# Coin Probabilities

Let $P_n(m)$ be the probability of getting $m$ heads when you throw $n$ coins. Then some counting techniques (combinatorics) gives

$P_n(m)=\dfrac{n!}{m!(n-m)!2^n}$

where $n!$ (pronounced “en factorial”) means multiply the numbers from 1 to $n$. To see the validity of this formula apply it to cases where $n$ is small and you know the answers. For example, when $n=1$, then

$P_1(1)=\dfrac{1!}{1!(1-1)!2^1}=\dfrac{1}{1\times 0!\times2}=\dfrac{1}{2}$

and

$P_1(0)=\dfrac{1!}{0!(1-0)!2^1}=\dfrac{1}{2},$

because $0!=1$. The first equation says that the probability of getting a head when tossing a single coin is 0.5 or 50% and that of getting a tail (zero head means a tail) is also 50%.

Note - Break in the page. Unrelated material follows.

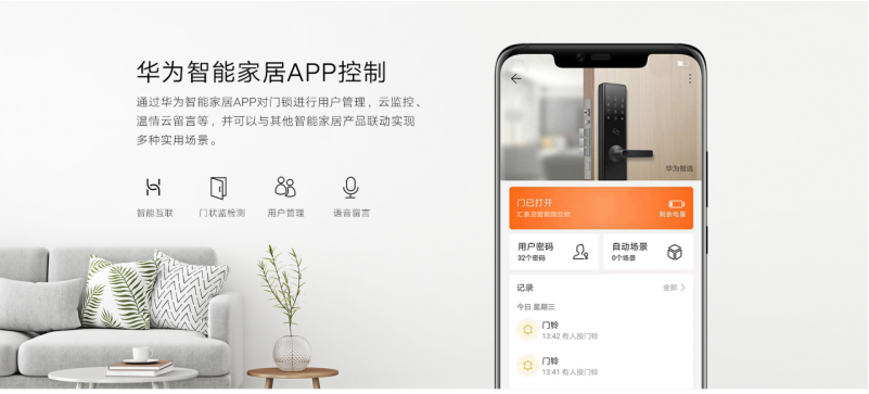 设计是温馨并存的。华为智选生态产品 汇泰龙智能指纹锁与网关搭配使用,实现温情语音留言、智能联控等多种功能。与华为智选生态圈其他智能设备联动后,“回家时,灯光等家电自动开启,安防设备自动撤防”等充满科技感的体验统统都可以成真!

For two coins, there are three probabilities:

$P_2(2)=\dfrac{2!}{2!(2-2)!2^2}=\dfrac{2}{2\times 0!\times4}=\dfrac{1}{4},$ $P_2(1)=\dfrac{2!}{1!(2-1)!2^2}=\dfrac{2}{1!\times 0!\times 4}=\dfrac{1}{2},$

and

$P_2(0)=\dfrac{2!}{0!(2-0)!2^2}=\dfrac{1}{4}.$

You can see these results by actually enumerating the outcomes: (H,H), (H,T), (T,H), (T,T). So, there is only one possibility of getting either two heads or two tails, while there are two possibilities for getting one head. These outcomes lead to the probabilities above. Try the formulas for three coins and verify the probabilities for the 8 outcomes: (H,H,H), (H,H,T), (H,T,H), (T,H,H), (T,T,H), (T,H,T), (H,T,T), (T,T,T).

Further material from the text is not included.